# Mjølner - Tromsø (Norwegian Cup 27.04.2016)



## Rainbow-Bet (Apr 27, 2016)

Read full preview at: *http://www.rainbow-bet.com*


Today we take a look at the 2.round of the Norwegian Cup, where Tromsø travel to the city of Narvik to face Mjølner. The visitors may be up for a big test in today's match. The home side was relegated from the Norwegian 2.division last year, while Tromsø have struggled against smaller teams in the Cup competition in a few years now.



The red and white's from Narvik ended up on a 13th place in 2.division department 1 last season, this resulted in relegation to 3.division with Lyn and Holmen. The home stat at Narvik Stadium last year shows 4-3-6, it's pretty good conceding their fight for relegation. Beat Harstad 0-1 in the 1.round of the Cup, while losing 1-0 in their first league match against Sortland in 3.division department 11.



Stian Johnsen is the new head coach for Mjølner this season, he told that it takes time to build a good squad and a strong starting eleven for his Mjølner side. Mjølner's got some quality and some exciting youngsters in their squad. Both Preben Schmiel, Anders Framvik Nilsen and Espen Nilsen have got great 2.division experience. Under 16 Norway international Håkon Evjen is the most exciting youngster in this Mjølner squad, a player who could look bright in the future.



The visitors struggles on the highest level in Norway. After a few good matches after the kick off in Tippeligaen, the team have conceded a lot of goals lately. The team doesn't look comfortable in the defense, and also have problems scoring goals. Tromsø now got three defeats in a row: 4-0 against Vålerenga, 1-2 against Rosenborg and last weekend a poor 6-0 defeat against Aalesund.



Had some problems in the Cup competition last 1-2 years. In 2014 they're knocked out in the 3.round, and last year their cup adventure ended in the 2.round, when 3.division side FK Senja got too strong. Tromsø head coach Bård Flovik has chosen to rest some players ahead of today's match, Hans Norbye (defender), Kent-Are Antonsen (defender), Morten Gamst Pedersen (midfield), Aron Sigurdarson (winger) and Runar Espejord (striker) are not included in the match squad. The two brothers Henrik (16 years old) and Christer Johnsgård (29 years old) are included in their first ever Tromsø squad, and could get their debut today.

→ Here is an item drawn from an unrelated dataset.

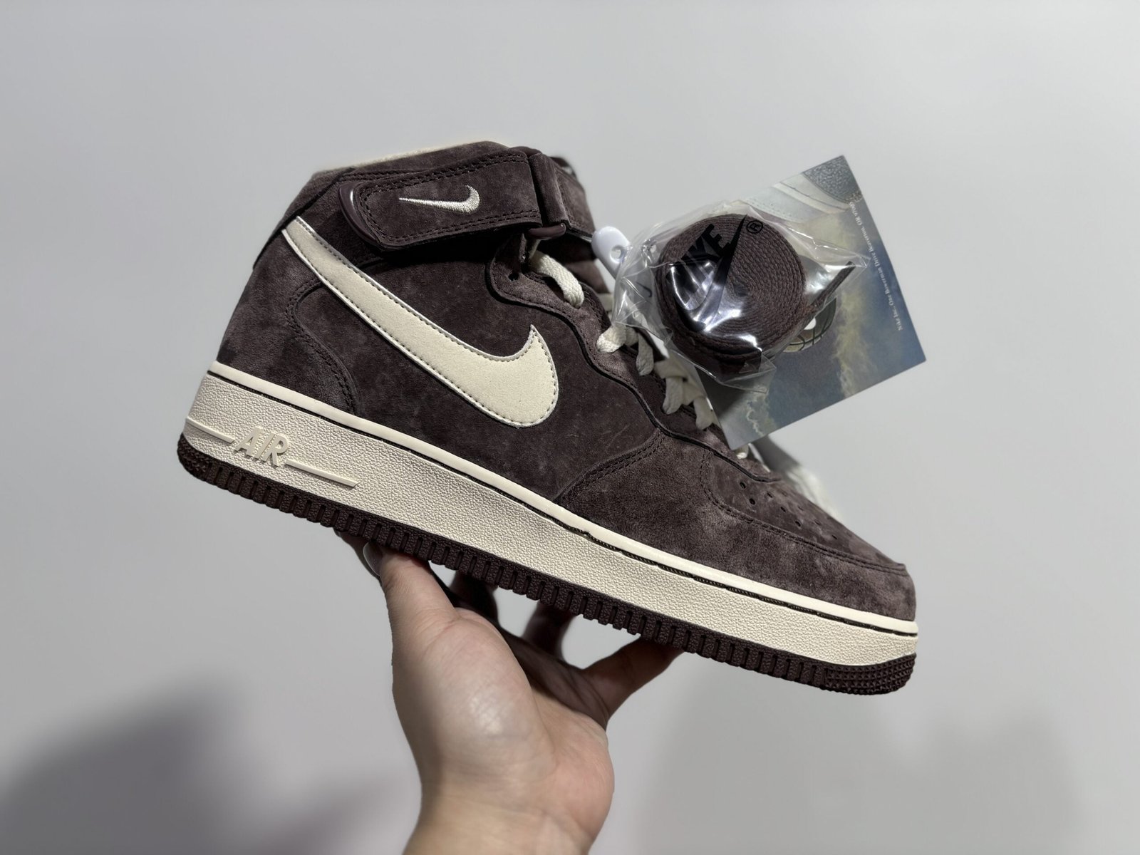 De bruine Air Force Mid zijn een onderscheidende versie van de klassieke Air Force 1, met een mid-top silhouet dat extra steun rond de enkel biedt. Het bovenwerk is gemaakt van premium bruin leer, wat een vleugje elegantie en stevigheid toevoegt aan het totale ontwerp. De gevoerde tong en de enkelkraag zorgen voor comfort en stabiliteit. De witte tussenzool en bruine rubberen zool creëren een aantrekkelijk visueel contrast. Deze sneakers belichamen de tijdloze stijl van de Air Force 1 en passen perfect bij elke gelegenheid, van casual outfits tot meer formele looks. Als een van Nike’s meest geliefde silhouetten zijn de Air Force 1 uitgegroeid tot een cultureel icoon, symbool van stijl en authenticiteit. De Mid-versie biedt een ideale balans tussen functionaliteit en mode en behoudt het klassieke erfgoed van de Air Force 1 met een moderne touch. Deze sneakers zijn waarschijnlijk in verschillende collecties door de jaren heen uitgebracht en blijven geliefd en gedragen door sneakerliefhebbers over de hele wereld.

These two teams meet back in 2014 in the 1.round of the Cup. The match ended in a scoreless draw, and Tromsø won after a penalty shootout. We believe Mjølner are eager to punish their opponents today, and their home fans will help them through the game. Perhaps we'll see an unsure and unmotivated Tromsø side today in Narvik. We bet on the object «double chance» and place our bet at a home win and a draw.
*






Mjølner – Tromsø          1X (Double Chance)*


----------